We're making the skill of writing, and much else, into a calculator.

But we don't know yet what the implications will be... the skill is writing is bound up with thinking and culture in ways long division is not.



In learning and practicing division, you gain an intuition about how numbers are composed. This is an intuition that is useful when you’re trying to figure out if you should pay for that 50 dollar item, or if 6 payments of 10 dollars is a reasonable deal. While you could always bring out your calculator every time you make a decision, most people don’t and rely primarily on quick intuition instead.

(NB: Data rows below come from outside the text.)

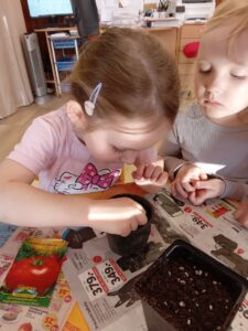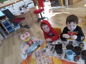 Koutek „Zahradníčci“ – s nastávajícím jarem si děti zasadily do hlíny semínka pažitky, řeřichy, hrášku, rajčat a papriky. Důkladně zalily a další dny sledovaly jejich malé mírně vykukující rostlinky. Už teď se moc těší, až ochutnají jejich plody ke svačince.
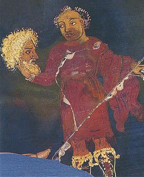 Этот момент из Орестеи Эсхила не разыгрывался на сцене, но изображенные костюмы могут соответствовать тем, которые надевали актеры. Обе роли исполнялись мужчинами.
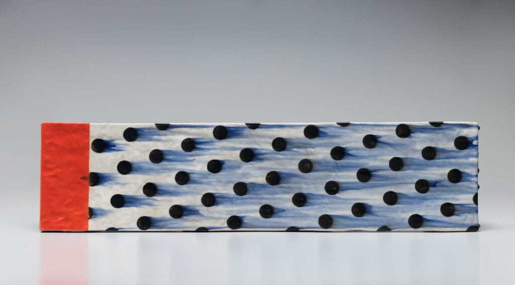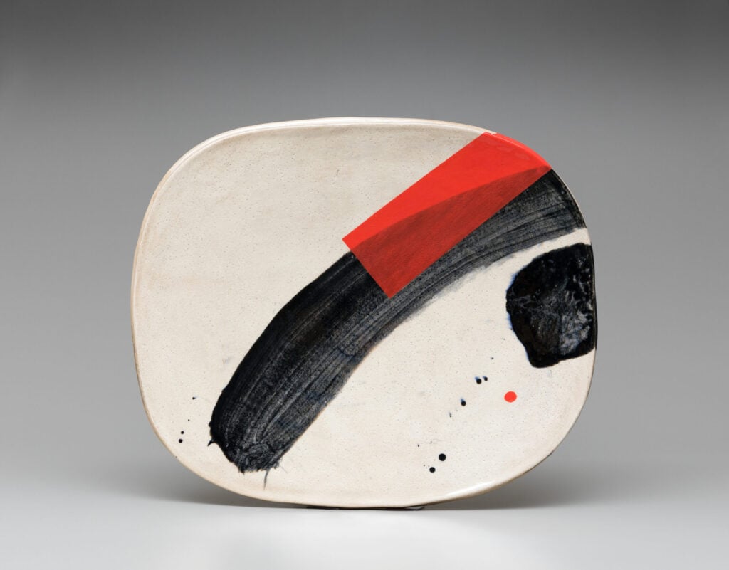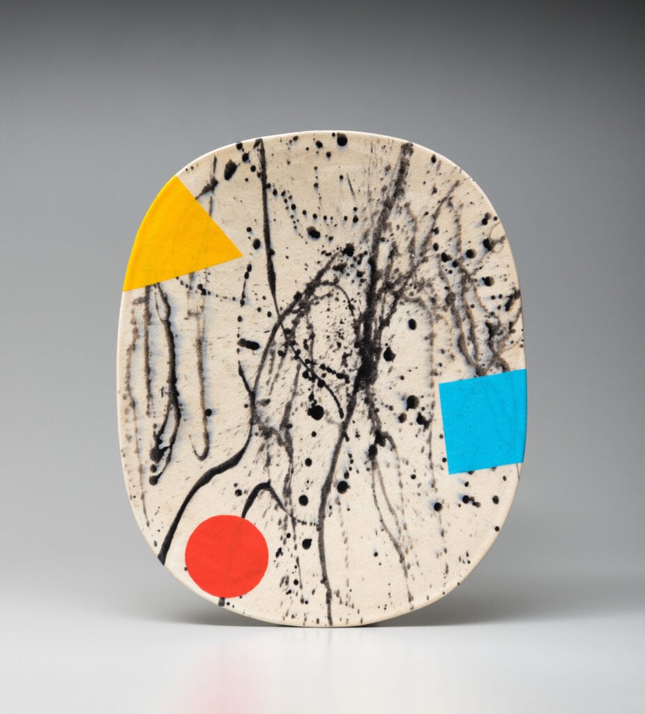Hand glazed raku ceramics, 39.5 x 35.75 x 2 inches. Collection of the Ree & Jun Kaneko Foundation, Omaha, NE, USA.
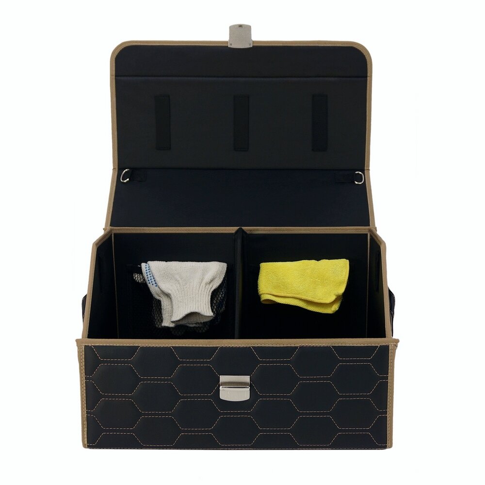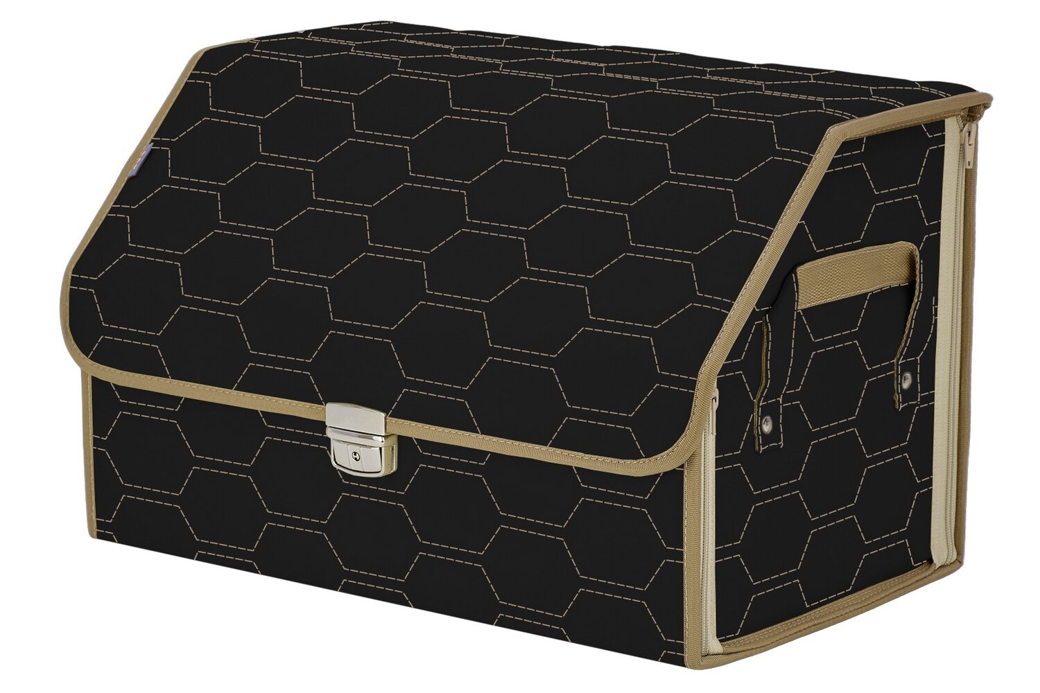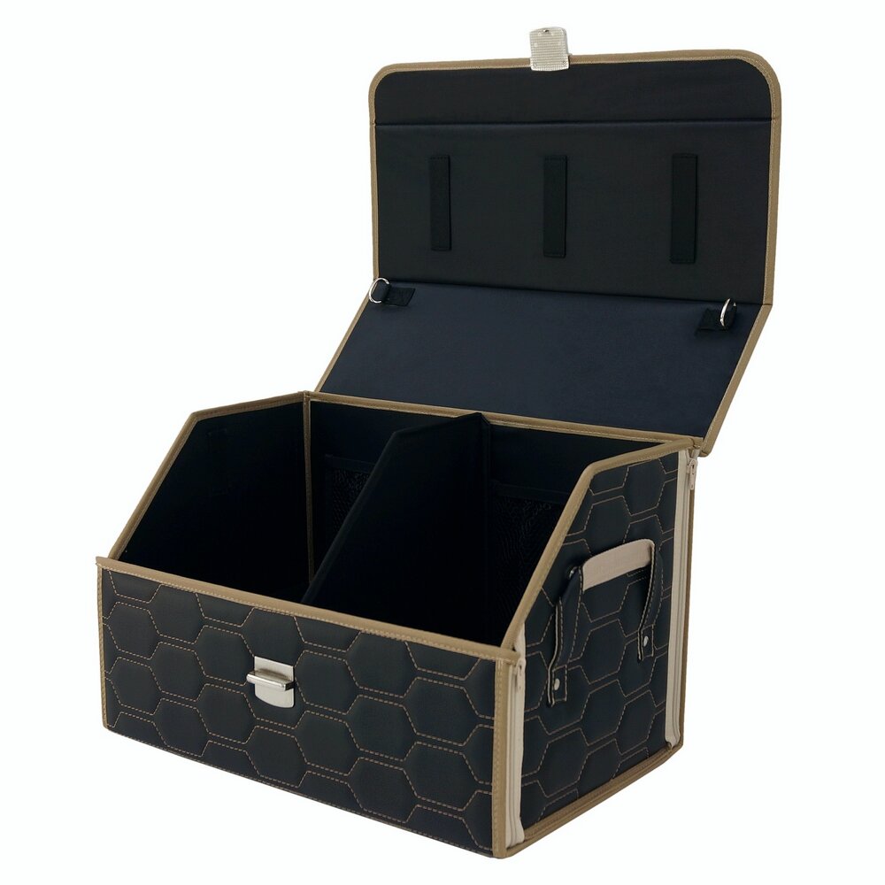 Купить Органайзер-саквояж в багажник "Союз Премиум" (размер L). Цвет: черный с бежевой прострочкой Соты.
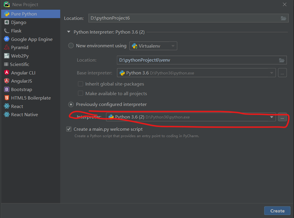 5.也可在pycham里添加,可在创建新项目直接指定你需要的版本解释器。
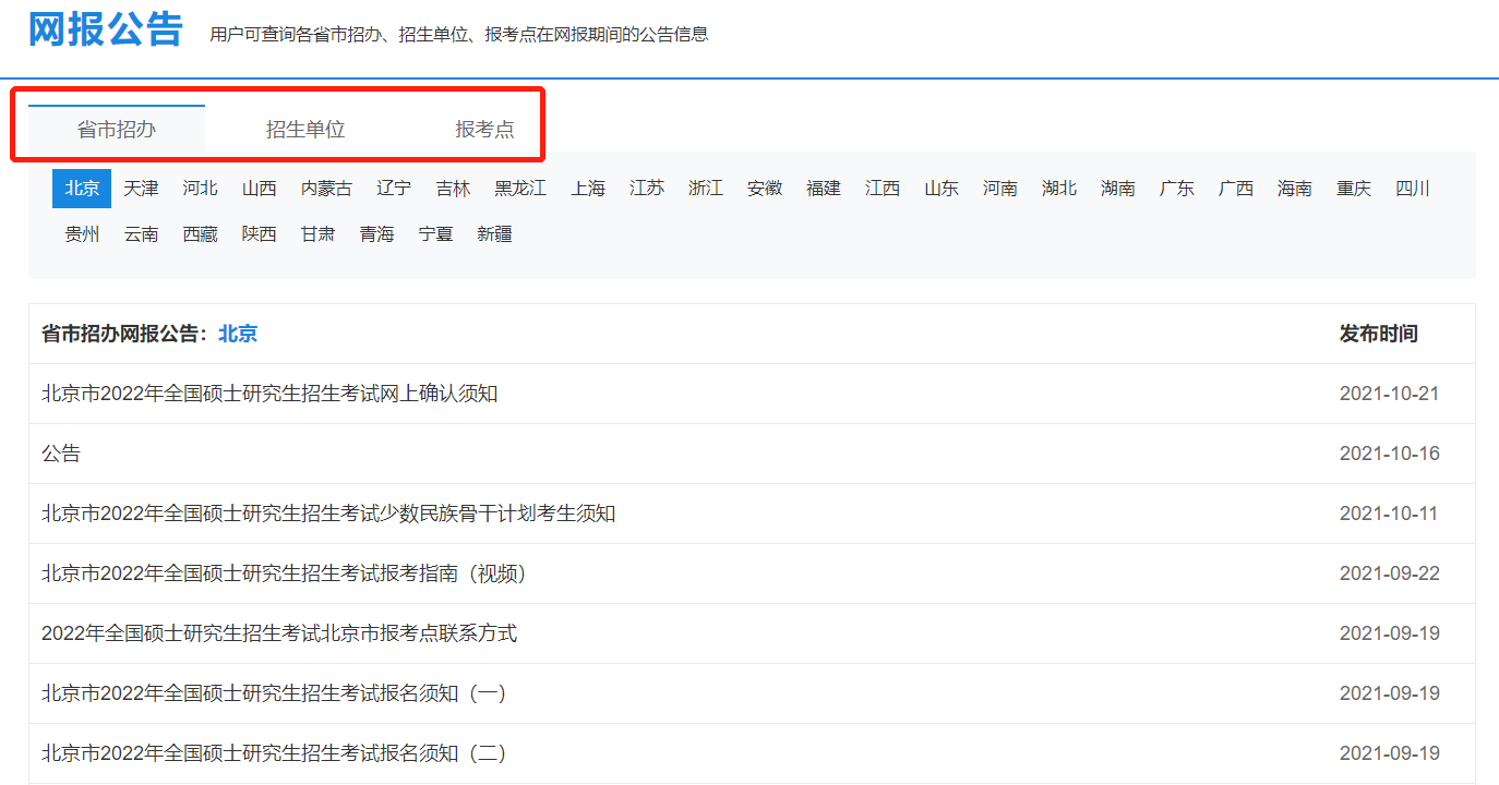研招网的网报公告会公布考研重要信息,并且网报公告还分“省市招办” “招生单位” “报考点”三个不同的层级,可以涵盖大部分的通知。

This is more important than ever in the world of chat GPT. When you’re dealing with something that can quickly generate something that sounds convincing regardless of truth value, you need that quick intuition to keep up. So the question is, if you’re a chemistry major, how do you gain that intuition? It’s possible that generating lots of data from GPT and just checking it for truth value more painstakingly before handing it in is sufficient to eventually learn. But it’s also possible that you do need to personally learn the fundamentals by working through problems if you want to eventually gain the intuitions a chemistry major needs to have. While a deeper problem exists in the commodification…it’s hard to say how much that deeper problem affects the ideal way to teach people to be skilled in a subject.


> Once you have the calculator, learning long division hardly matters. Most adults have forgotten the algorithm.

Long division does have applications in some areas of maths, like polynomial division and factoring.

If you didnt know long division, you would surely not be able to learn about polynomial factoring. Knowledge is knowledge, and it does not expire.


Cool, my calculator with built in CAS can do polynomial division and factoring for me.